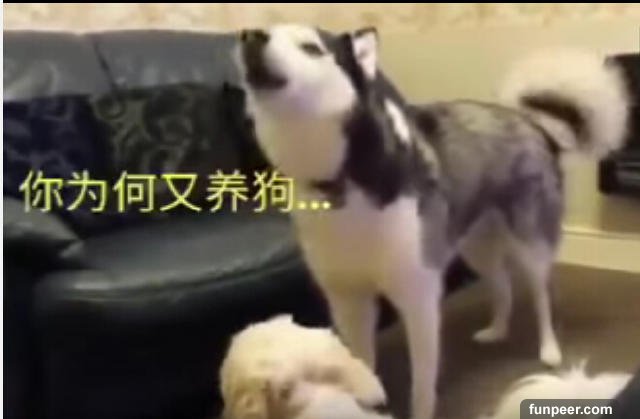 主人帶回新狗,「哈士奇」怕自己失寵,哭個不停!![]()
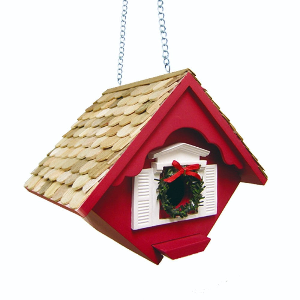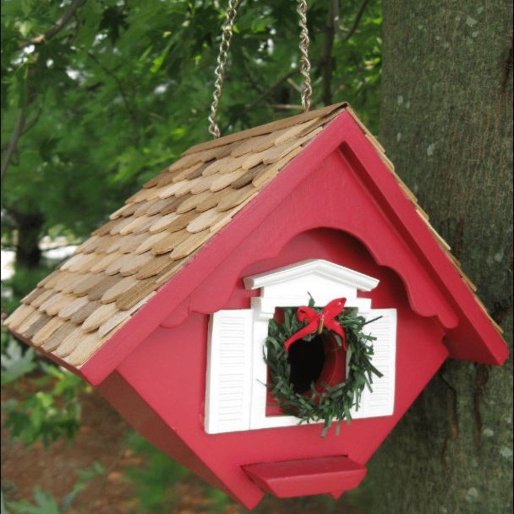- The holiday edition of the Little Wren House is red with a removable wreath.
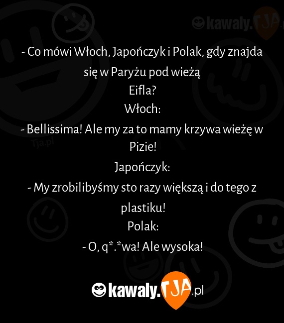 - Co mówi Włoch, Japończyk i Polak, gdy znajda się w Paryżu pod wieżą Eifla? Włoch: - Bellissima! Ale my za to mamy krzywa wieżę w Pizie! Japończyk: - My zrobilibyśmy sto razy większą i do tego z plastiku! Polak: - O, q*.*wa! Ale wysoka!
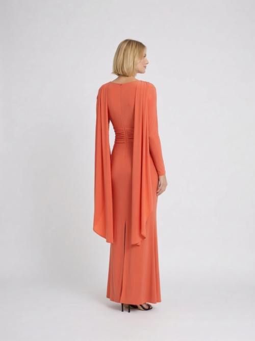 Vestido Melon Draped Cape Elegance

» **EXERCISE REQUIREMENTS**
Drop the pictures and set down the data above exactly.

» **SOLUTION TO THIS EXERCISE**
 主人帶回新狗,「哈士奇」怕自己失寵,哭個不停!![]()
- The holiday edition of the Little Wren House is red with a removable wreath.
 - Co mówi Włoch, Japończyk i Polak, gdy znajda się w Paryżu pod wieżą Eifla? Włoch: - Bellissima! Ale my za to mamy krzywa wieżę w Pizie! Japończyk: - My zrobilibyśmy sto razy większą i do tego z plastiku! Polak: - O, q*.*wa! Ale wysoka!
 Vestido Melon Draped Cape Elegance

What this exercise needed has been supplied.